I feel a lot like the OP. There were some funny parts, most of which were those in the style of Borat, but I wasted 15 minutes going to the bathroom and getting snacks to avoid some of the scenes.


----------



## Elysian (Jul 18, 2009)

I thought it was one of the funniest movies I've seen in years.


----------



## ShawnFjellstad (Jul 19, 2009)

Elysian said:


> I thought it was one of the funniest movies I've seen in years.



this.


----------



## vortex_infinium (Jul 19, 2009)

I saw it a few hours ago.

It was stupid as hell.

What made is funny was that the guy I was sitting next to kept yelling and getting pissed off at all the situations.


----------



## Elysian (Jul 19, 2009)

vortex_infinium said:


> I saw it a few hours ago.
> 
> It was stupid as hell.
> 
> What made is funny was that the guy I was sitting next to kept yelling and getting pissed off at all the situations.
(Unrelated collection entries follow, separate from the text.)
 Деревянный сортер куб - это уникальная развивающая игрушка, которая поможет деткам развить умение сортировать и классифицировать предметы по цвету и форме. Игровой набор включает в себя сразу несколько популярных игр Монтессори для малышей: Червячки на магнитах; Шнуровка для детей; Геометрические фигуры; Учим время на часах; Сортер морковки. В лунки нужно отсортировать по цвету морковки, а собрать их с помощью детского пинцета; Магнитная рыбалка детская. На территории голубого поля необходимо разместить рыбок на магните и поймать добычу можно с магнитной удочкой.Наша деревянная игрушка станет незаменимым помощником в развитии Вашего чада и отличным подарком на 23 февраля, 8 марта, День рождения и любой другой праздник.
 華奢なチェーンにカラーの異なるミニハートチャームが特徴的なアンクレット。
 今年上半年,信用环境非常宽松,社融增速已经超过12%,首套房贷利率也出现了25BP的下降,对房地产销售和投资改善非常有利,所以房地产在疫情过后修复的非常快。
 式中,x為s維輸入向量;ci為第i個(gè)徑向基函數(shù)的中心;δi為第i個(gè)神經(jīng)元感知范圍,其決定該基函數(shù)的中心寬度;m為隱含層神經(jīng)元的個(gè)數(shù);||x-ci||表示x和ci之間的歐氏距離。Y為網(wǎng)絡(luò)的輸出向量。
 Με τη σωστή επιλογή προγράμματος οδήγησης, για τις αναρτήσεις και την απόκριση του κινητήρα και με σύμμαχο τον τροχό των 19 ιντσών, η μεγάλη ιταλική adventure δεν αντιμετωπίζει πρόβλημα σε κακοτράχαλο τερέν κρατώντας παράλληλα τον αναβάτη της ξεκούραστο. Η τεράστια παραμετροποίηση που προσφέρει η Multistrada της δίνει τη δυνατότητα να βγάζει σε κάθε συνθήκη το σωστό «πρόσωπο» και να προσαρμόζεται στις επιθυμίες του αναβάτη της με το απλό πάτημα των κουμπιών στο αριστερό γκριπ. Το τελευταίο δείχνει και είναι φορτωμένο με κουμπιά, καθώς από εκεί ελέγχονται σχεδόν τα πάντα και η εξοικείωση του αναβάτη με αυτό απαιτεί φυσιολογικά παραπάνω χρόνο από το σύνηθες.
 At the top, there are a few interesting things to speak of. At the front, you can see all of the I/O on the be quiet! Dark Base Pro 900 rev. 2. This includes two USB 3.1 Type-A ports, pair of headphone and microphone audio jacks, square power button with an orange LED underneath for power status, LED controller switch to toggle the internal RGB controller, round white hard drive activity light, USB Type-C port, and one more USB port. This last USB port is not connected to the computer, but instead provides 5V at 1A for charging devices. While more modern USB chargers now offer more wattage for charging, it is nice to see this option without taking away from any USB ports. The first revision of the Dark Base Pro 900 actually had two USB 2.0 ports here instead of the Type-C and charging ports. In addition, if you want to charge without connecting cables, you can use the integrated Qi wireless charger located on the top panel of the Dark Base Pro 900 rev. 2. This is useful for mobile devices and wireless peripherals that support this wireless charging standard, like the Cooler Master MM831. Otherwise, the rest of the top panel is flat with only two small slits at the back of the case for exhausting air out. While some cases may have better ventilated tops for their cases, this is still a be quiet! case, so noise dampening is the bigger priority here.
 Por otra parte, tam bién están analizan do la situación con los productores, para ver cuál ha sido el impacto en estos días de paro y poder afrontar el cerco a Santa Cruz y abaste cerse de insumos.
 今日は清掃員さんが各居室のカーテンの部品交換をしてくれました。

The audience response really made the movie for me. I wasn't shocked by any of it, the internet has numbed me to all of that, but the audience was all over the spectrum, laughing, going "ewwww" etc. It was incredible. And at the end of the movie, everyone clapped! It blew my mind.


----------



## liquidcow (Jul 19, 2009)

So apparently, in America, there are quite a few people who are very ignorant and homophobic. Who knew.


----------



## Nick1 (Jul 19, 2009)

I saw it I couldnt wait till it was over. But I did laugh a few times. I cant believe it got 3 stars


----------



## Carrion (Jul 19, 2009)

The only part I truly laughed at was when SPOILER SPOILER SPOILER they did the show proposal.


----------



## Tiger (Jul 19, 2009)

liquidcow said:


> So apparently, in America, there are quite a few people who are very ignorant and homophobic. Who knew.



My feelings on it.

Im not going to go see it. Sharp foreign relations humor like Borat is funny to me, homophobia is a dead, dead horse.


----------



## Daemoniac (Jul 19, 2009)

I want to see it still


----------



## 70Seven (Jul 20, 2009)

The movie was absolute garbage. I hope that Sasha guy never makes another movie. I though Borat was an Ok movie at best but Bruno was just plain garbage. It has nothing to do with homophobia, this movie was just plain offensive, to straight and gay people. Nothing from the movie was funny its just plain gross and it goes on and on and on. No plot, no story, terrible acting and it all looked like it was shot in one single take.


----------



## Triple-J (Jul 20, 2009)

Borat had a point to it but this is kind of cheap as we already know people are homophobic plus laughing at the world of fashion is an easy target as it's pretty clear it's a scene full of people who have their heads up their ass.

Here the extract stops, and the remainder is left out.